Note that the description of results in Section 5.2, "[Simulation with No Mutations and a Long Time-Span](https://link.springer.com/article/10.1007/s00285-017-1190-x#Sec15)," begins in Section 5.1, "[Simulation with No Mutations and a Short Time-Span
](https://link.springer.com/article/10.1007/s00285-017-1190-x#Sec14)."  Equation 3.2 of the article, mentioned above, is

\begin{equation*}
\frac{\text{d}P_i}{\text{d}t} = \sum_j \underbrace{b_j\, f_{ij}\, P_j}_{\text{births}} - \underbrace{d_i\, P_i}_{\text{deaths}}, \tag{3.2}
\end{equation*}

where the factors $b_i,$ $f_{ij},$ and $d_i$ are constant parameters of the system. Briefly, the organisms in a population are of a finite number of types. The equation gives the instantaneous rate of change in the frequency $P_i$ of type $i$ in the population. The change in frequency is due to births and deaths, with mutation generally causing some of the births to differ in type from their parents. The fraction of the births to parents of type $j$ that are of type $i$ is $f_{ij}.$
What Basener and Sanford refer to as "numerical simulation of Eq. ([3.2](https://link.springer.com/article/10.1007/s00285-017-1190-x#Equ8))" is iterative application of the equation at discrete steps in time, as though it were a difference equation instead of a differential equation. That is,

\begin{equation*}
    P_{t+1,i} \leftarrow P_{ti} + \sum_j b_j\, f_{ij}\, P_{tj} - d_i\, P_{ti}, \tag{1}
\end{equation*}


for $t = 1, 2, \ldots, T,$ with initial frequencies $P_{0i}$ as given below.
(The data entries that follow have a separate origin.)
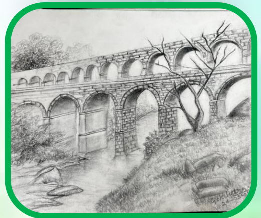
Gokshetra VIII A
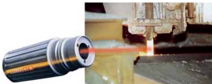
Temperature measurement of the pour stream

Due to the problems arising from the immersion method, KELLER HCW has developed an innovative system named CellaCast® for non-contact temperature measurement using a pyrometer. The pyrometer detects the infrared radiation emitted by the molten mass and converts it into a signal which is proportional to temperature. Pyrometers do not have any wearing parts, thus no operating expenses are generated due to materials requiring frequent replacement. The financial payback of this instrument comes in the form of greatly reduced thermocouple consumption.
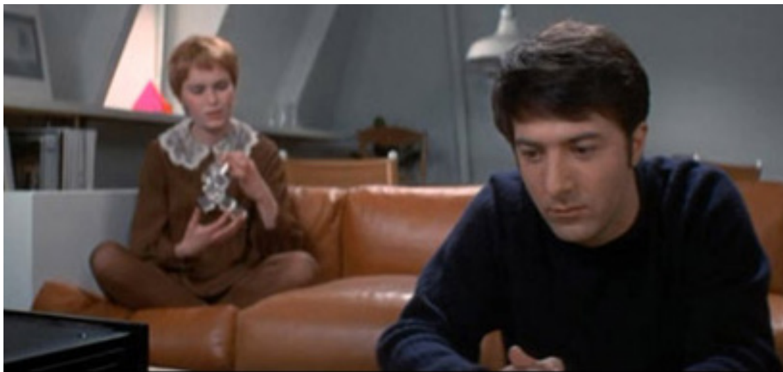
↯ A frame from "John and Mary" by Peter Yates / Mia Farrow movie, on the Saratoga sofa (version with white structure and cushions covered in leather), and Dustin Hoffman, in the foreground. 1969

This is what Basener's software does, **except** when "mutation distribution type" is set to `NoneExact`.

In the case of no mutation, all offspring are identical in type to their parents, which is to say that $f_{ii} = 1$ and $f_{ij} = 0$ for all $j \neq i.$ Then Equation (3.2) reduces to Equation ([3.1](https://link.springer.com/article/10.1007/s00285-017-1190-x#Equ7)) of the article,

\begin{align*}
\frac{\text{d}P_i}{\text{d}t} 
    &=  b_i\, P_i - d_i\, P_i \\
    &= m_i\, P_i, \tag{3.1}
\end{align*}

where the Malthusian growth factor $m_i = b_i - d_i.$ Given the frequency $P_{0,i}$ of type $i$ in the initial population, Equation (3.1) has the solution

\begin{equation}
P_{ti} = P_{0,i} \exp(t \cdot m_i) \tag{2}
\end{equation}

for all times $t \geq 0.$ What Basener's code does in the case of `NoneExact` is simply to calculate the solution directly: 
```javascript
if (mt == "NoneExact") 
    Psolution[t][i] = Psolution[0][i] * Math.exp(t * m[i]);
```

There can be no argument on this point. The question is how we can know that Basener and Sanford presented results of the formulaic calculation (`NoneExact`) rather than results of an iterated update of frequencies (`None`), when the results for the two cases should be similar. The answer is that the results are quite different. Rather than alert readers (including reviewers) to the fact that their code had failed a basic test of correctness, Basener and Sanford misreported the desired results as the actual results.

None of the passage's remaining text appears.